Ideally, I would like my output to look something like this:
1) SOME_VALUE <= 2.5; criterion = 1, statistic = 1306.478
2) SOME_VALUE <= -10.5; criterion = 1, statistic = 173.416
3) SOME_VALUE <= -16; criterion = 1, statistic = 19.385
4)* weights = 275; y = (0.96, 0.04)
3) SOME_VALUE > -16
5)* weights = 261; y = (0.831, 0.169)
2) SOME_VALUE > -10.5
...
How do I go about accomplishing this?
回答1:
It is possible to do this with the partykit
package (the successor to party
) but even there it requires some hacking. In principle, the print()
function is customizable with panel functions for inner and terminal nodes etc. But they do not look very nice even for seemingly simple tasks like this one.
As you appear to have used a tree with a bivariate response, let's consider this simple (albeit not very meaningful) reproducible example:
library("partykit")
airq <- subset(airquality, !is.na(Ozone))
ct <- ctree(Ozone + Wind ~ ., data = airq)
For the inner nodes let's assume we just want to show the p-value that is readily available in the $info
of each node. We can format this via:
ip <- function(node) formatinfo_node(node,
prefix = " ",
FUN = function(info) paste0("[p = ", format.pval(info$p.value), "]")
)
For the terminal nodes we want to show the number of observations (assuming no weights
have been used) and the mean response. Both are pre-computed in small tables and then accessed via the $id
of each node:
n <- table(ct$fitted[["(fitted)"]])
m <- aggregate(ct$fitted[["(response)"]], list(ct$fitted[["(fitted)"]]), mean)
m <- apply(m[, -1], 1, function(x) paste(round(x, digits = 3), collapse = ", "))
names(m) <- names(n)
The panel function is then defined by:
tp <- function(node) formatinfo_node(node,
prefix = ": ",
FUN = function(info) paste0(
"n = ", n[as.character(node$id)],
", y = (", m[as.character(node$id)], ")"
)
)
To apply this in the print()
method we need to call print.party()
directly because currently print.constparty()

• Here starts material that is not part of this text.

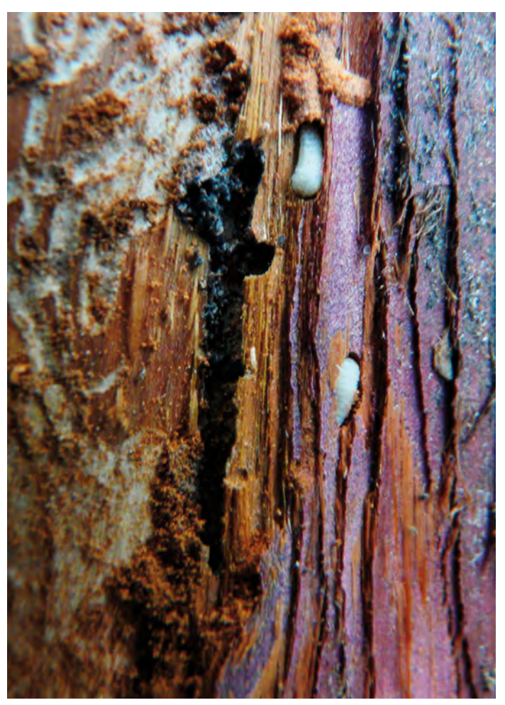
7. Overwintering Phloeosinus rudis larvae in the bark.

7. Overwinterende Phloeosinus rudis larven in de bast.

does not pass this on correctly. (We will have to fix this in the partykit
package.)
print.party(ct, inner_panel = ip, terminal_panel = tp)
## [1] root
## | [2] Temp <= 82 [p = 0.0044842]
## | | [3] Temp <= 77: n = 52, y = (18.615, 11.562)
## | | [4] Temp > 77: n = 27, y = (41.815, 9.737)
## | [5] Temp > 82: n = 37, y = (75.405, 7.565)
This is hopefully close to what you wanted to do and should give you a template for further modifications.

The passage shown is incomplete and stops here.